From reading the paper, it seems pretty clear to me that few academics are willing to consider the hypothesis – or at least if they do, their publishers or peer reviewers won’t carry it further. This is evident in nearly all the sections of the paper.

They spend nearly half the article discussing and analyzing the distribution and phylogeny of mtdna haplogroup X2, and estimate the age of its North American subclade X2a as perhaps being 18,500 years old. They also provide a graph on page of 760 of the paper of the distribution of X2 minus its largest subclade, X2b. The graph shows a clear European and Middle-Eastern distribution.
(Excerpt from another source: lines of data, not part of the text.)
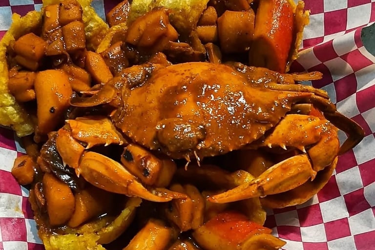 Disfruta de la auténtica comida Afropanameña con nuestros platos de mariscos frescos y patacones rellenos.
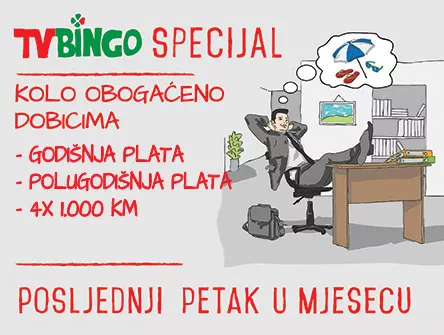 Lutrija BiH posljednjeg oktobarskog petka organizuje Specijalno kolo igre na sreću TVBINGO. Specijal redovnog kola prepoznatljiv je po većoj vrijednosti deseteraca i peteraca te po dodatnim novčanim dobicima, prenosi novinska agencija Patria.
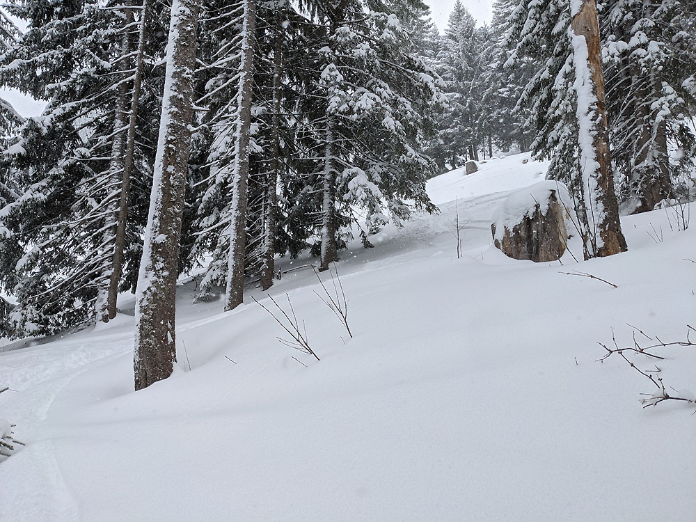 Somit sind wir direkt am Wanderweg zur Firstalm hoch, Freudenreich-Sattel abgefellt und ganz gut abgefahren.
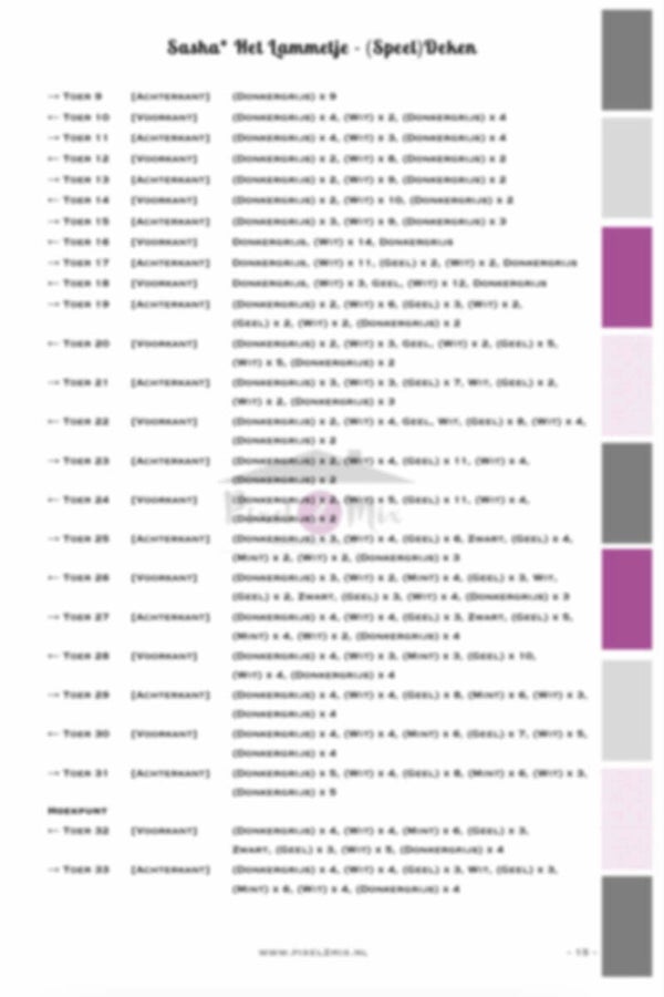 In het patroon tref je naast de grafische hokjestekening (12x) ook een geschreven uitleg (12x) aan, zodat je of hokjes kan tellen of per diagonaal ziet in welke kleur je een blokje moet haken bij de geschreven uitleg. Het patroon gaat in diagonalen van rechtsonder naar linksboven.
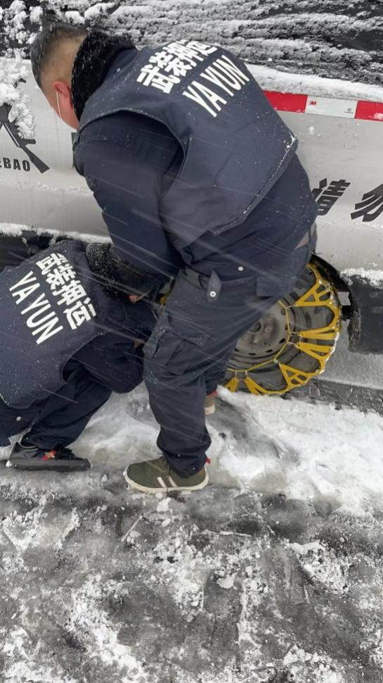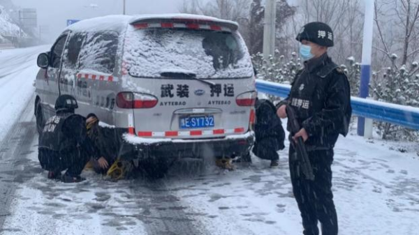 早上點(diǎn)名前,大隊(duì)長(zhǎng)楊中朝就通過大隊(duì)微信工作群向各行中隊(duì)傳達(dá)了指示。一是要根據(jù)路況,精準(zhǔn)研判,行車中減速慢行,不超車,車上備足兩套防滑鏈,對(duì)于上下坡路段積雪嚴(yán)重的要及時(shí)進(jìn)行安裝防滑鏈,確認(rèn)安全后再行駛。二是針對(duì)銀行網(wǎng)點(diǎn)的路況要及時(shí)和銀行網(wǎng)點(diǎn)進(jìn)行溝通,車輛行駛不到的要及時(shí)進(jìn)行上報(bào),通過與銀行網(wǎng)點(diǎn)聯(lián)系,做到延遲送達(dá)或者暫不運(yùn)送,謹(jǐn)記安全第一。三是要根據(jù)上午運(yùn)送的線路路況,對(duì)下午的出車接款時(shí)間做出調(diào)整,通過與銀行網(wǎng)點(diǎn)的溝通聯(lián)系,適時(shí)提前下午出車的接款時(shí)間,力爭(zhēng)在晚上溫度下降前安全返回。
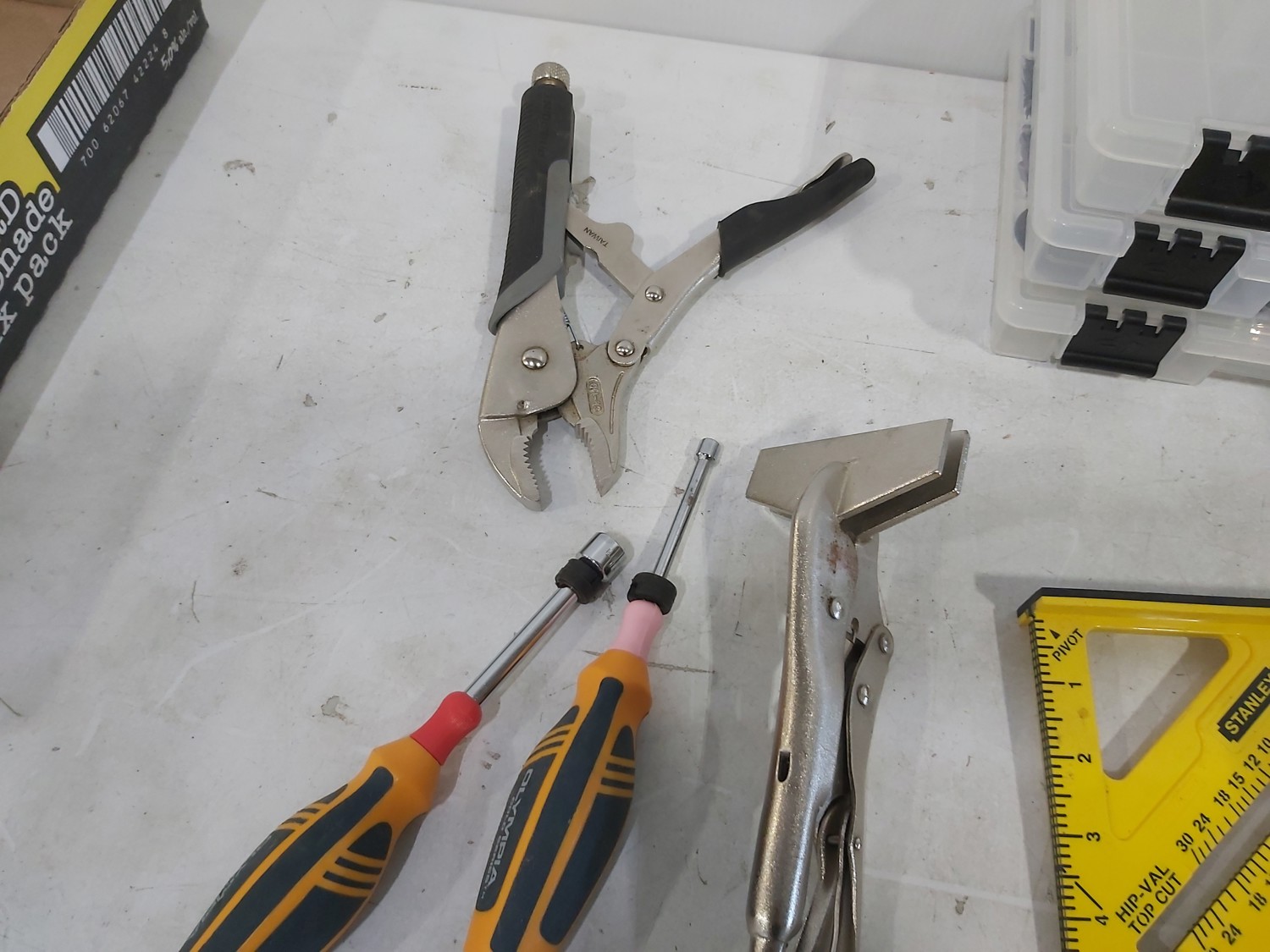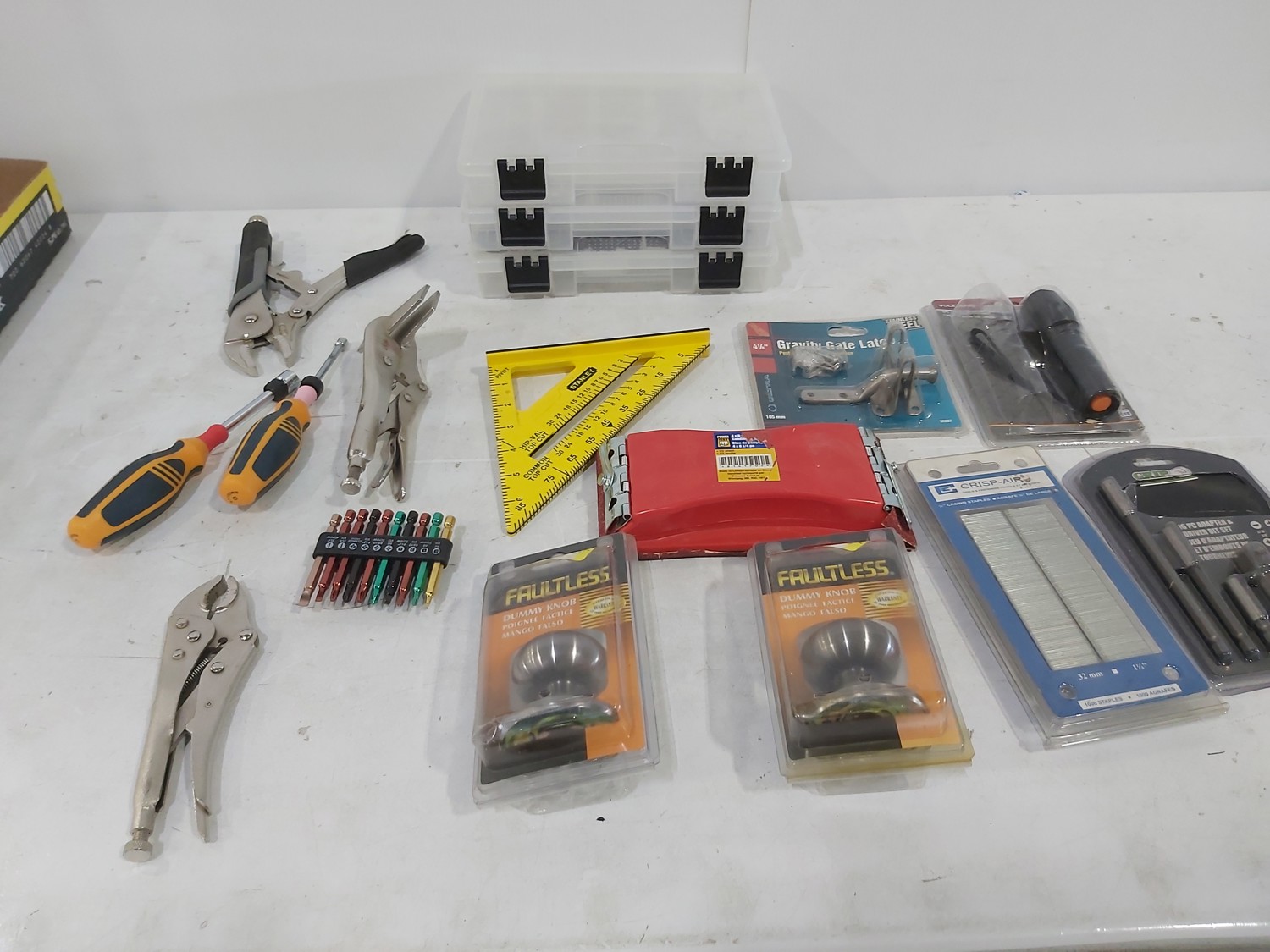 1050 Qty of Hand Tools, Hardware and Freeman 1 Inch Air-Powered Nail Gun
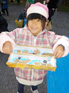 日頃自分達が遊んでいる場をおうちの方に教えられることが、こども達にとっては自慢気でうれしい様子が伝わってきた。また、おうちの方が一緒に制作してくださり、自分達だけでは難しいところもでき、満足できたように思う。
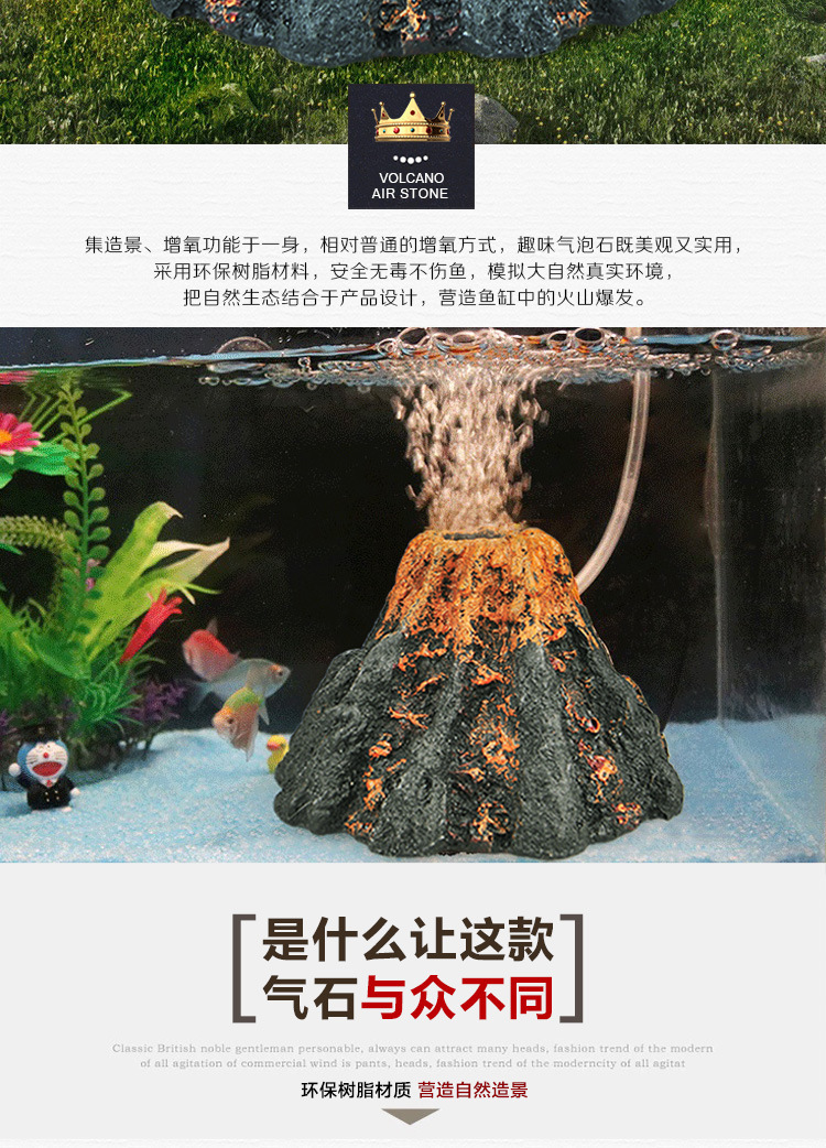 备注:亲 这款火山石常用来当做造景使用 连接氧气泵气管气石 ,会呈现气泡效果哦~~
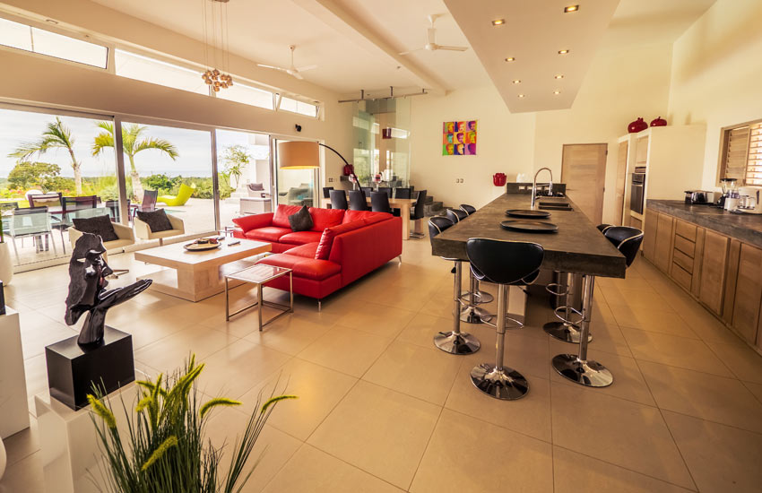 Fabulosa villa de lujo moderno que se encuentra en una subdivisión apartada y segura (guardias de 24 Hs) de hogares similares. La piscina, la vista y las áreas al aire libre son tan espectaculares que solo fuimos a la playa una vez. Este es un lugar genial y romántico para una sola pareja para relajarse de un horario ocupado en verdadero lujo. Fue genial tener servicio de limpieza diario y la nevera equipada con bebidas, aperitivos y cerveza. Muchos de los restaurantes locales entregan comida a la villa. Un gran camarón con curry amarillo en Papi’s en Cabarete en la playa recomendado por Sandrine. Me encantó la vista y el lujo moderno de la villa y este es un muy buen lugar para relajarse.
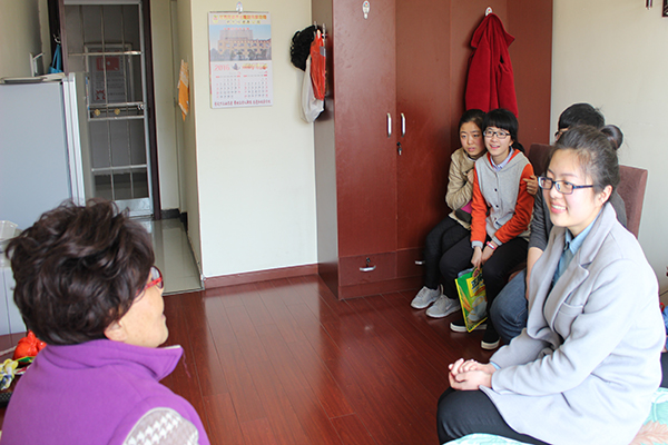 在经过老年公寓工作人员的同意后,党、团员们提着大包小包的东西进入了公寓。在公寓大堂里,大家亲切的与正在休息的老人们交谈,并送上礼品,老人们对大家的关心大力夸赞,脸上笑容不断。随后,大家迈着轻盈的脚步来到老人们的居住区,在一个退休大学老师的热情邀请下,大家在干净整洁的房间坐下,认真聆听了她关于人生的感悟,最后老人告诫大家要注意身体,认真学习,莫将韶华空度。在走出老年公寓的时候,大家不禁为老人们乐观的精神所感动,并衷心祝愿她们能够永远开心,长命百岁。
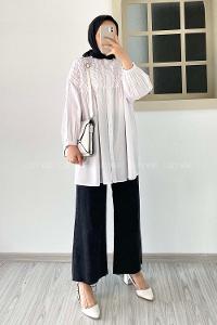 Lamelif Manşeti Biyeli Tunik Acı Kahve

And to me, it seems to correlate fairly well with the variance of R1b1a2 (M269), a graph of which was recently posted in post 2 of this thread: http://www.eupedia.com/forum/threads/30667-armenian-paper-on-R1-J2-and-G2

They also discuss Y-haplogroup R1 in Native Americans, and note that one study indicated that 97% of the Native American R1 had the M269 SNP. They go on to say:

“ ... STR (Short TandemRepeats – more rapidly mutating, but less reliable than SNPs) characterization of R1, however, indicates a substantial proportion of derived, STR-haplotypes not shared with Europeans (Bolnick, Bolnick, and Smith 2006, Fig 6b; Zegura et al. 2004, Fig. 5). This would not be expected if those R1 STR types were all recent European introductions, and could be consistent with being derived from more ancient founders. While better phylogenetic resolution is needed, these results, far from refuting the SH, are more consistent with its predictions than solely with massive recent male replacement.”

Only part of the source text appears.